_YOUR INSTRUCTIONS_
After locating the line with "Add warmth and" in the entries below, output it and each following line up to and including the line with "Bursa’da 2018-2019 eğitim", exactly and without pictures.

_RECORDS FOR PROCESSING_
- - - - -
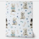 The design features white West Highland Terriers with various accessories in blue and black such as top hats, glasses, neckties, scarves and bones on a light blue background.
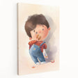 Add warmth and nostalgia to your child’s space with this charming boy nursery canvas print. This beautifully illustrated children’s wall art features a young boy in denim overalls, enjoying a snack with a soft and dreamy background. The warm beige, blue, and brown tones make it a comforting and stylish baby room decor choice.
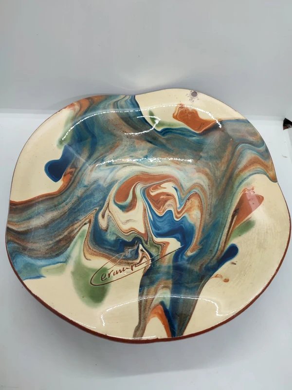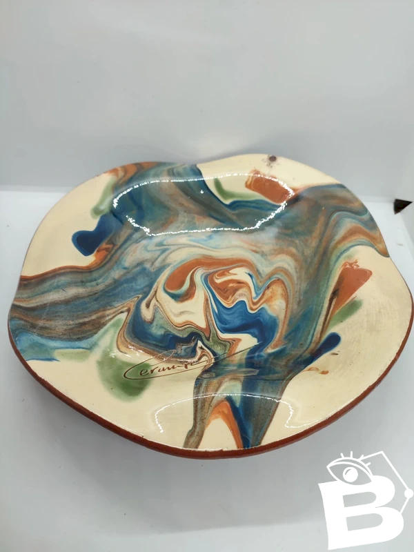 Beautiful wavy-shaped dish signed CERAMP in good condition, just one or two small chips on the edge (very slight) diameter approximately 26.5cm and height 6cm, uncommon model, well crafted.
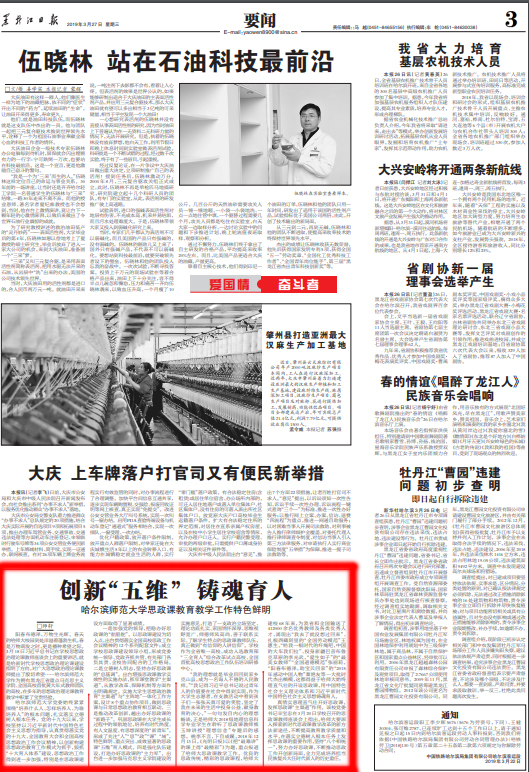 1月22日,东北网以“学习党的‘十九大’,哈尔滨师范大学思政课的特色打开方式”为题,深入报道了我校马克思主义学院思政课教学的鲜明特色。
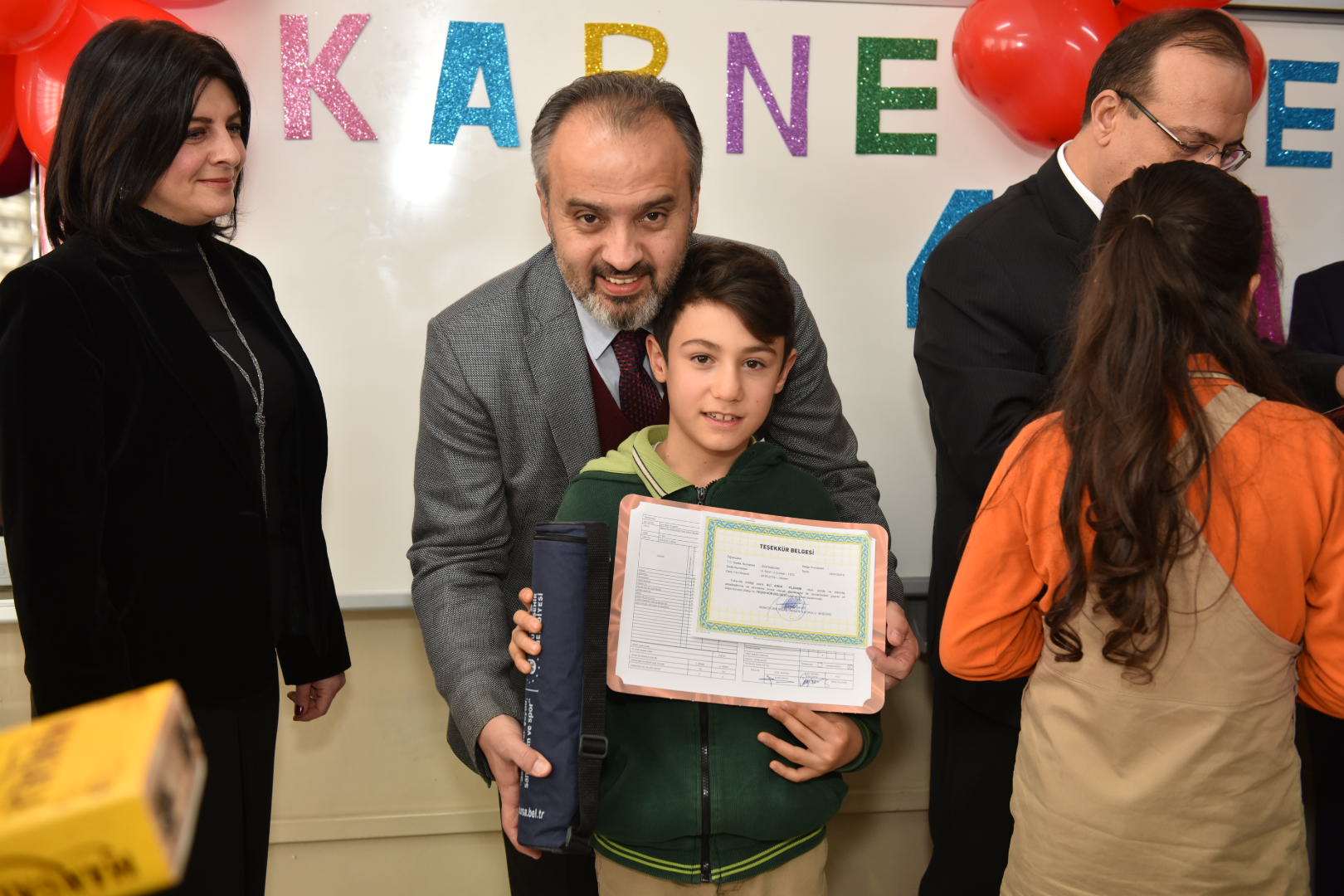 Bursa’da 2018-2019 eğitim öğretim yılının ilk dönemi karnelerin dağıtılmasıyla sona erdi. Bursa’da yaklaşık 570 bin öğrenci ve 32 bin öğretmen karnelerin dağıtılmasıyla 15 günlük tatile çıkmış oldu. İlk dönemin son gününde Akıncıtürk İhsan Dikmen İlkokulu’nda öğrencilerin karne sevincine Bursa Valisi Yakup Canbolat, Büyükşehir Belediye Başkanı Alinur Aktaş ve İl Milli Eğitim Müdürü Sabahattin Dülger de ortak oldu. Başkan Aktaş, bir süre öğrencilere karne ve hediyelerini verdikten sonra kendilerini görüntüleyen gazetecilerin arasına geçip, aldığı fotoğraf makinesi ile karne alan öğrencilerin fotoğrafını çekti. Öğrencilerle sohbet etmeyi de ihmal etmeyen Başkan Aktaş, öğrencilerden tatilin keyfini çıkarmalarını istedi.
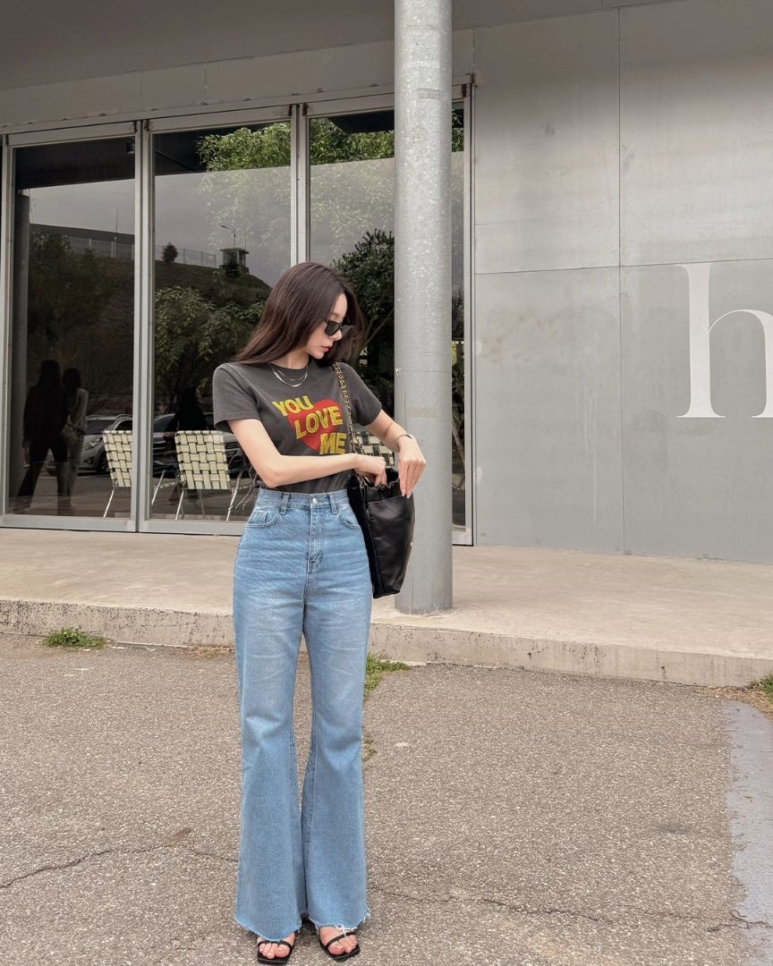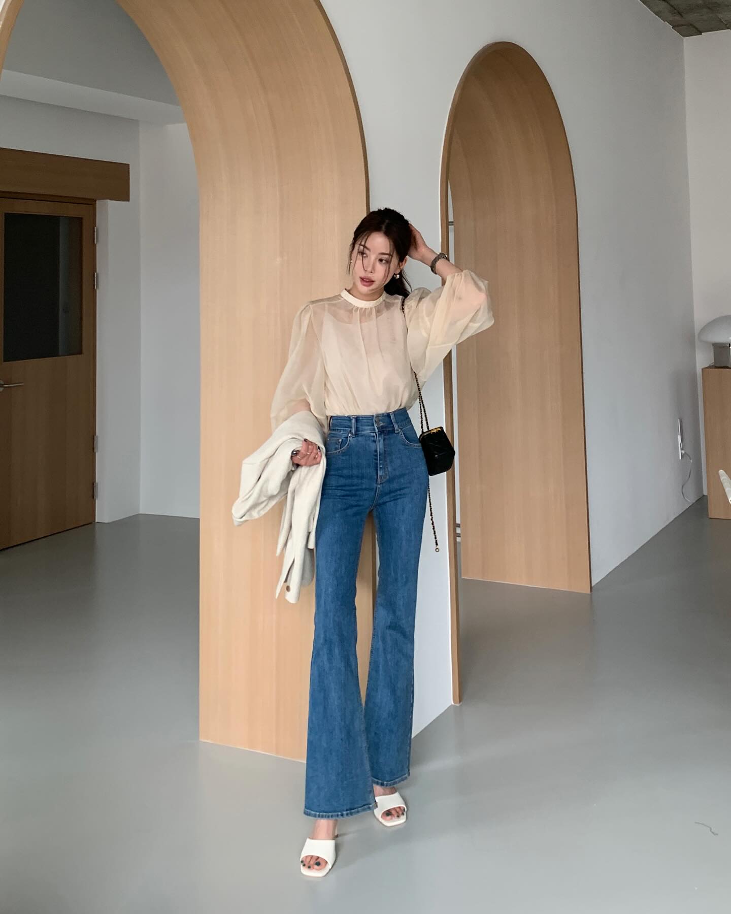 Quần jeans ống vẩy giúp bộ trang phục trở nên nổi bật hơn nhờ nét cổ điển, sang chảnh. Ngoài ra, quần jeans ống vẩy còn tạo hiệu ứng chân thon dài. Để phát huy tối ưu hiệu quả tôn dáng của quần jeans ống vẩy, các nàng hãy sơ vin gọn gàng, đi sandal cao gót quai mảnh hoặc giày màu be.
- - - - -
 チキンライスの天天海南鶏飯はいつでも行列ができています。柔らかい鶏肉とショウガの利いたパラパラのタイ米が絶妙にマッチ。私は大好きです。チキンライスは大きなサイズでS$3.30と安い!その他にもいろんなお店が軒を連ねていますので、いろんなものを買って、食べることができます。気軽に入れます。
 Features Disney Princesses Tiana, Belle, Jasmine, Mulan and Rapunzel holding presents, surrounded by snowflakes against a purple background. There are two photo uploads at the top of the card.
- - - - -
_EXERCISE SOLUTION_
 Add warmth and nostalgia to your child’s space with this charming boy nursery canvas print. This beautifully illustrated children’s wall art features a young boy in denim overalls, enjoying a snack with a soft and dreamy background. The warm beige, blue, and brown tones make it a comforting and stylish baby room decor choice.
 Beautiful wavy-shaped dish signed CERAMP in good condition, just one or two small chips on the edge (very slight) diameter approximately 26.5cm and height 6cm, uncommon model, well crafted.
 1月22日,东北网以“学习党的‘十九大’,哈尔滨师范大学思政课的特色打开方式”为题,深入报道了我校马克思主义学院思政课教学的鲜明特色。
 Bursa’da 2018-2019 eğitim öğretim yılının ilk dönemi karnelerin dağıtılmasıyla sona erdi. Bursa’da yaklaşık 570 bin öğrenci ve 32 bin öğretmen karnelerin dağıtılmasıyla 15 günlük tatile çıkmış oldu. İlk dönemin son gününde Akıncıtürk İhsan Dikmen İlkokulu’nda öğrencilerin karne sevincine Bursa Valisi Yakup Canbolat, Büyükşehir Belediye Başkanı Alinur Aktaş ve İl Milli Eğitim Müdürü Sabahattin Dülger de ortak oldu. Başkan Aktaş, bir süre öğrencilere karne ve hediyelerini verdikten sonra kendilerini görüntüleyen gazetecilerin arasına geçip, aldığı fotoğraf makinesi ile karne alan öğrencilerin fotoğrafını çekti. Öğrencilerle sohbet etmeyi de ihmal etmeyen Başkan Aktaş, öğrencilerden tatilin keyfini çıkarmalarını istedi.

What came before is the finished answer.